- _Data for this task_

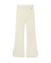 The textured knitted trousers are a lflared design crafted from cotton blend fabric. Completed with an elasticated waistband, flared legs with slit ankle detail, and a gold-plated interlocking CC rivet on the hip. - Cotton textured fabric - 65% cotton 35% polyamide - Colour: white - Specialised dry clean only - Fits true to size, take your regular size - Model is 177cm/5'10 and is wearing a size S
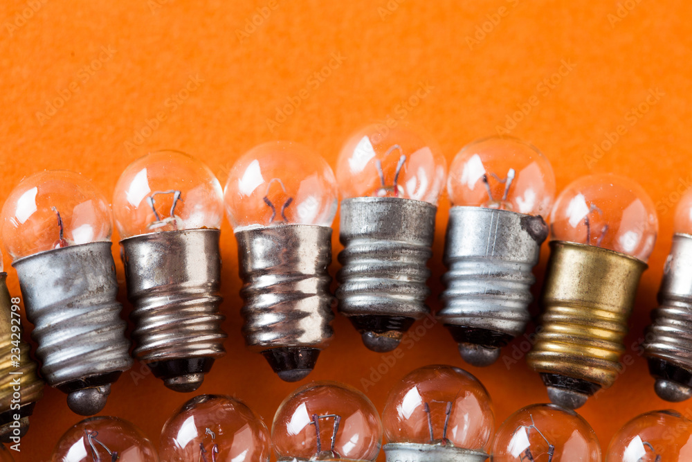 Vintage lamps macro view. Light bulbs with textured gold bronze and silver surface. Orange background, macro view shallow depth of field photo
---
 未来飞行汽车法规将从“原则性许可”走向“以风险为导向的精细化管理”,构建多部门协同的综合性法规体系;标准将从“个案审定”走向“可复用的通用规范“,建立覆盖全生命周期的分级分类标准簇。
* * *
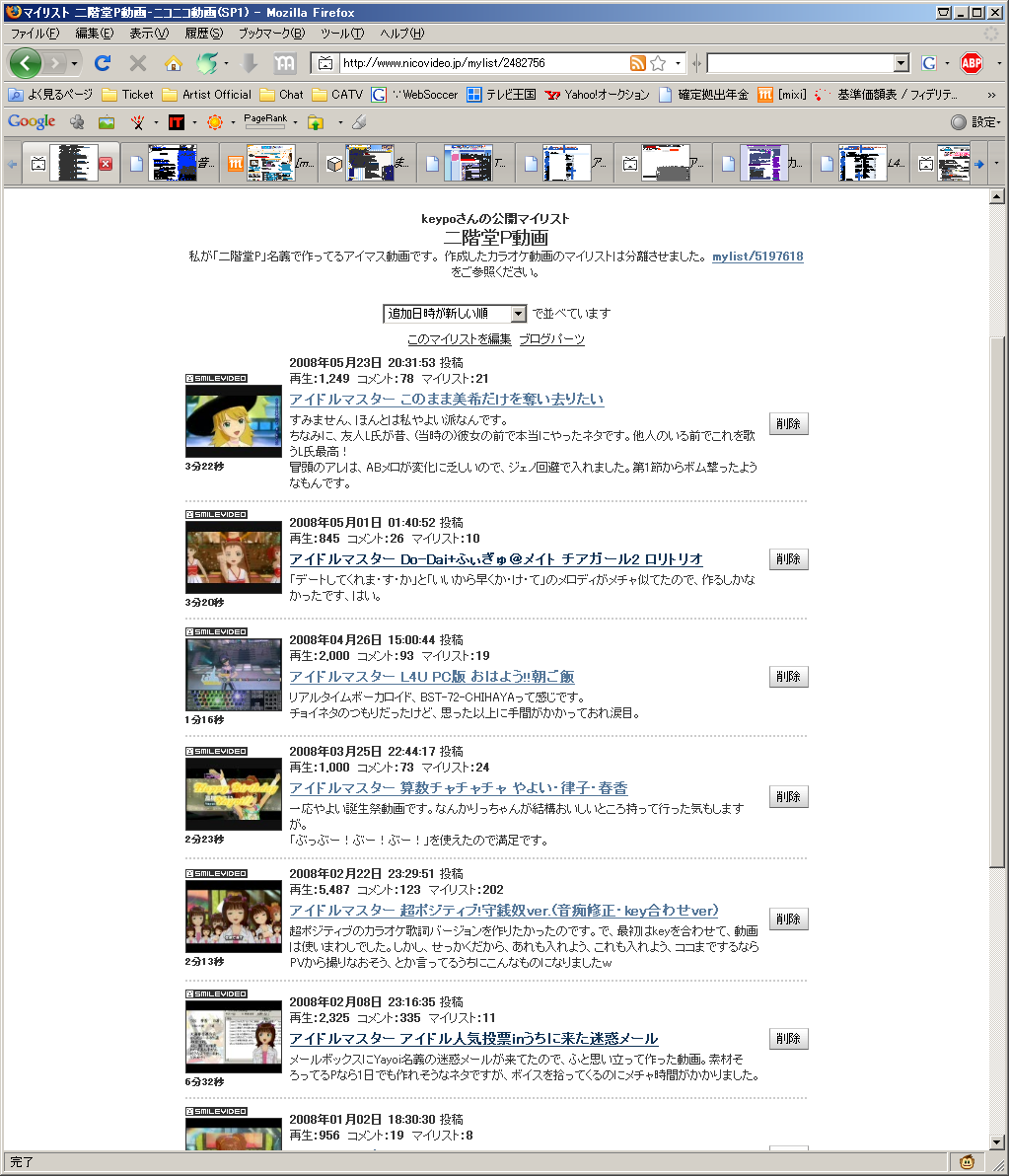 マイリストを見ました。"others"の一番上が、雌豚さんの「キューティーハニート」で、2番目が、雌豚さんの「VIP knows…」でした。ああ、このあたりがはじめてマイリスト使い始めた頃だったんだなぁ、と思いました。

- _Task objective_
Copy everything above from the line holding "The textured knitted" down to the line holding "Vintage lamps macro", both ends included, exactly as it stands and without the pictures.

- _Your solution_
 The textured knitted trousers are a lflared design crafted from cotton blend fabric. Completed with an elasticated waistband, flared legs with slit ankle detail, and a gold-plated interlocking CC rivet on the hip. - Cotton textured fabric - 65% cotton 35% polyamide - Colour: white - Specialised dry clean only - Fits true to size, take your regular size - Model is 177cm/5'10 and is wearing a size S
 Vintage lamps macro view. Light bulbs with textured gold bronze and silver surface. Orange background, macro view shallow depth of field photo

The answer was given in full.